Bug #6902

$objectName is not meaningful enough in serializeObjectAsPropertyArray()

Added by Robert Lemke over 5 years ago. Updated almost 5 years ago.

Status:Resolved Start date:2010-03-17
Priority:Should have Due date:
Assigned To:Karsten Dambekalns % Done:

100%

Category:Object
Target version:TYPO3 Flow Base Distribution - 1.0 alpha 8 Estimated time:2.00 hours
PHP Version: Complexity:
Has patch: Affected Flow version:

Description

The method ObjectSerializer::serializeObjectAsPropertyArray() used $objectName as the key for its object registry to cache objects it already has serialized. From looking at the code this might be not clear enough because there can be two instances of the same type which need to be serialized.

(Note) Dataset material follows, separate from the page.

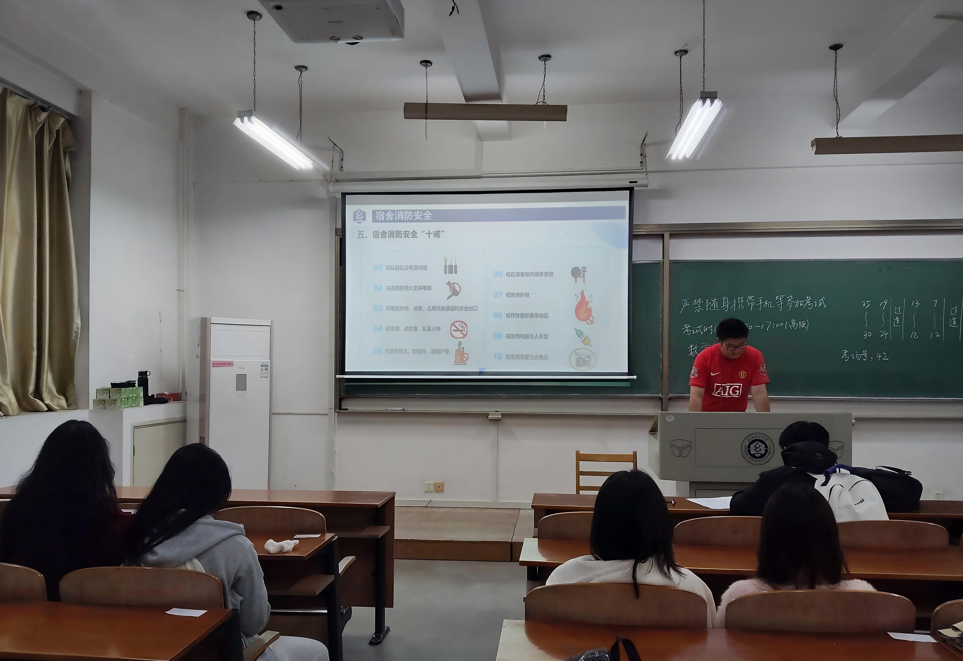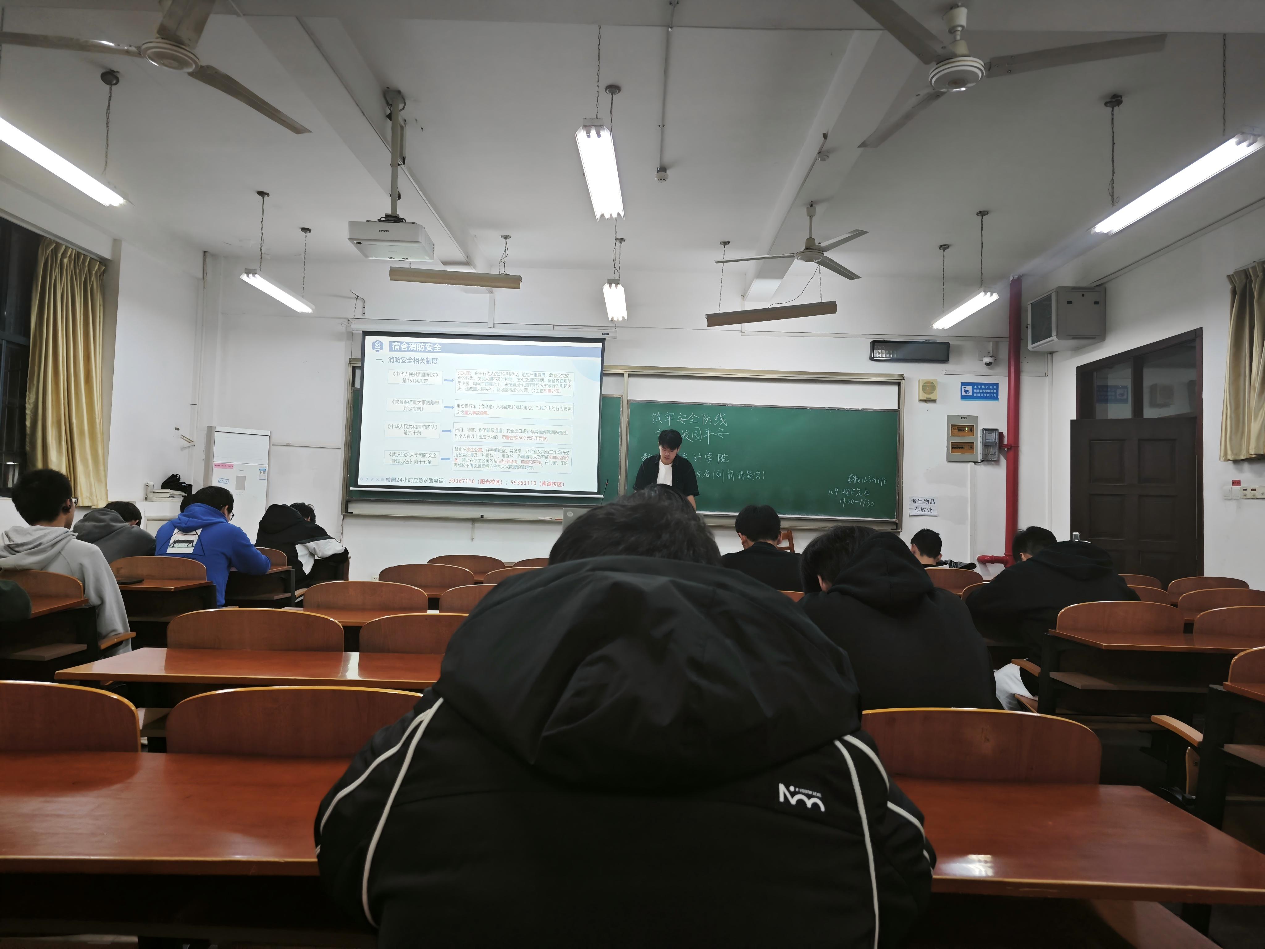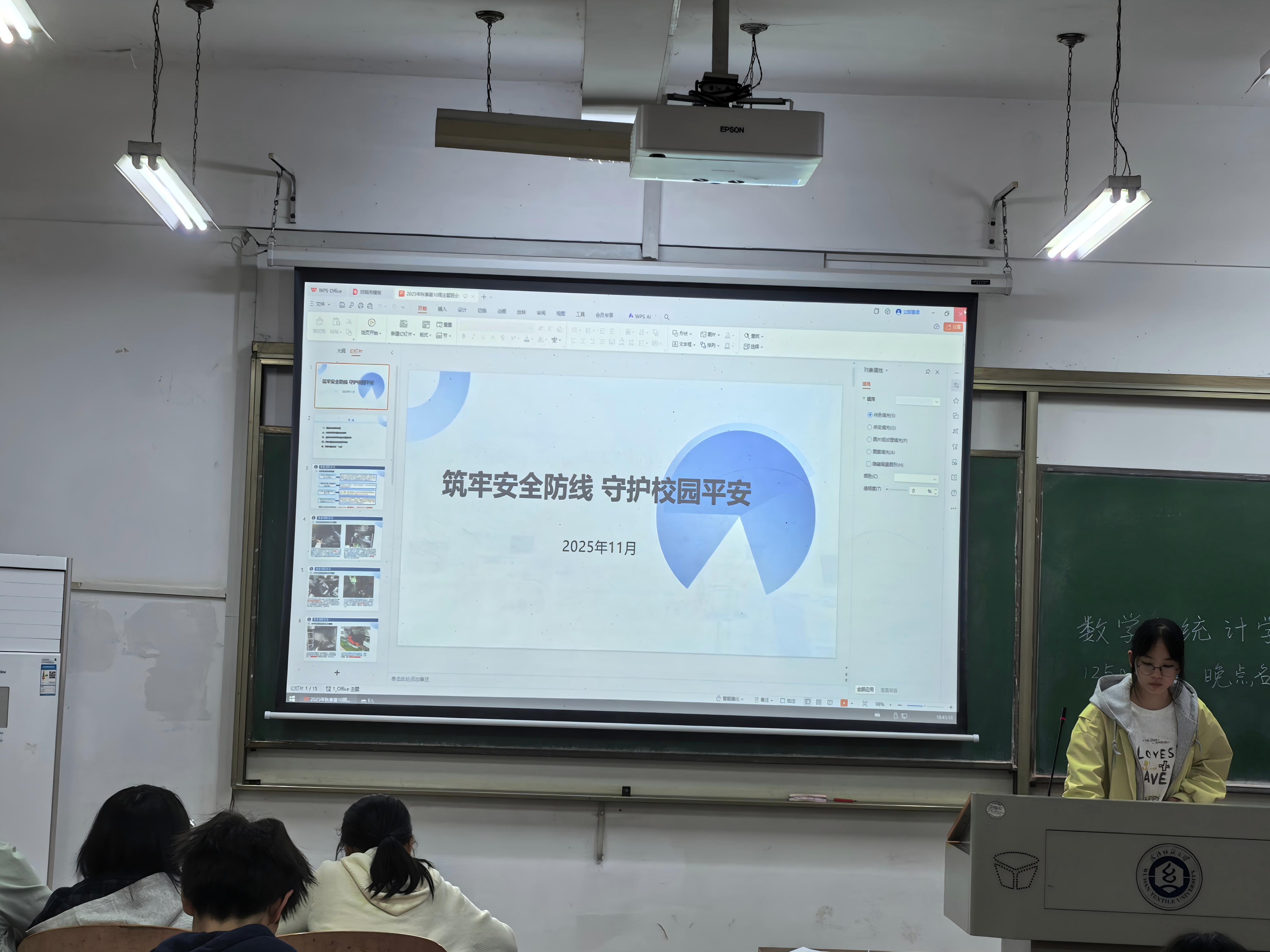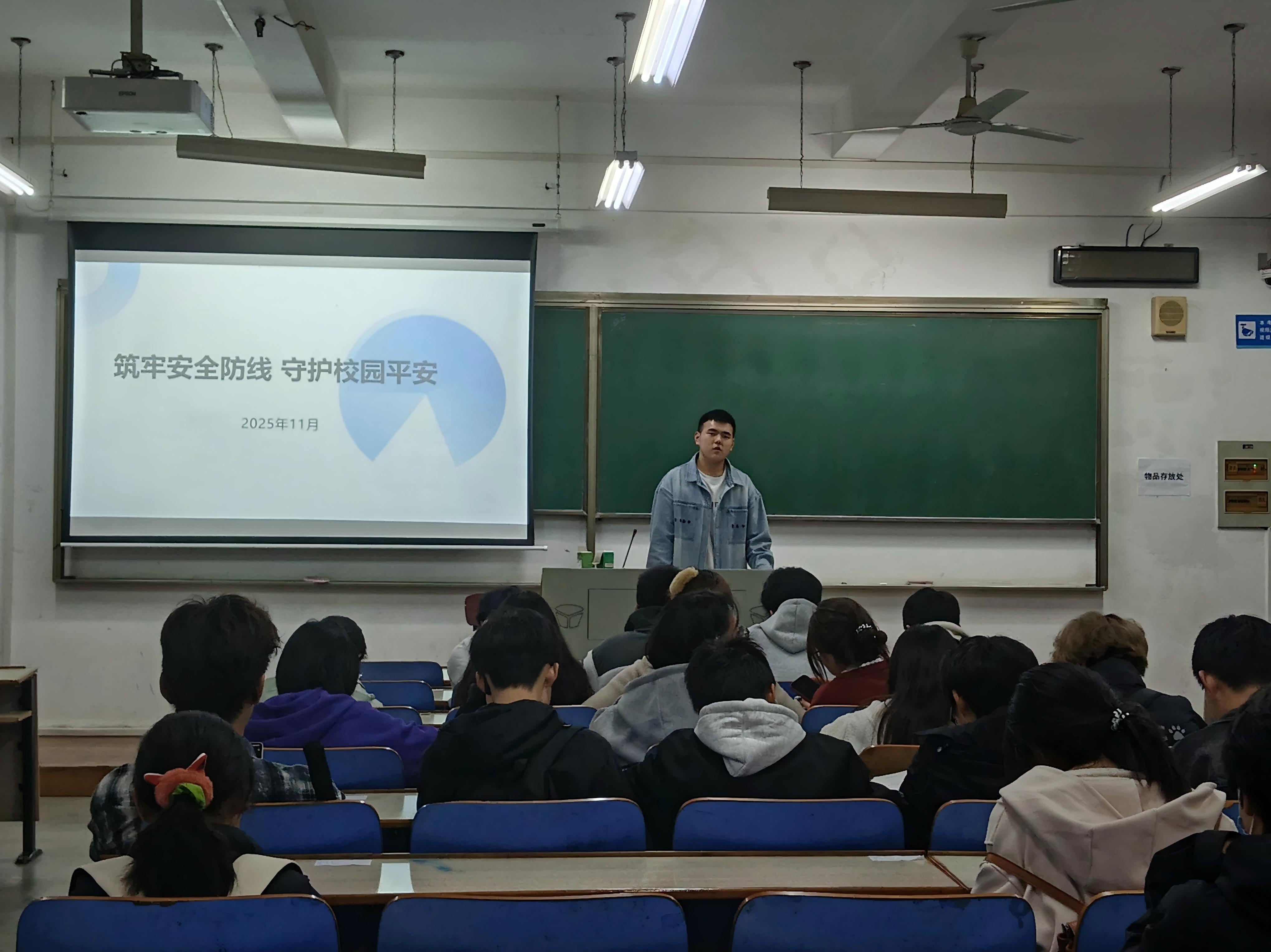 于2025年11月在崇志楼开展了以"筑牢安全防线 守护校园平安"为主题的安全教育班会。此次班会全体同学参加,班会由各班班长主持。

Instead of $objectName it might be better to use an SPLObjectStorage as the internal registry and change the signature to

public function serializeObjectAsPropertyArray($object)

Associated revisions

Revision b78ada4e
Added by Karsten Dambekalns over 5 years ago

[~TASK] FLOW3 (MVC): Fixed doc comment in RequestHandlerInterface, getPriority() is not expected to throw LogicException.
[+BUGFIX] FLOW3 (Object): The ObjectSerializer now uses a unique hash for all objects, fixes #6902.

History

#1 Updated by Andreas Förthner over 5 years ago

Hi,

the object name is only used for top-level objects. For all objects below that we use the current object hash as key. The mentioned problem occurs only if the top-level object (the one with the @scope session) is ambiguous, i.e. is not a singleton. Does it make sense to store a non-singleton in the session as a top-level object? What would you expect to get, if you call the object manager for a prototype that lies in the session? Which one of those that might be there would you get?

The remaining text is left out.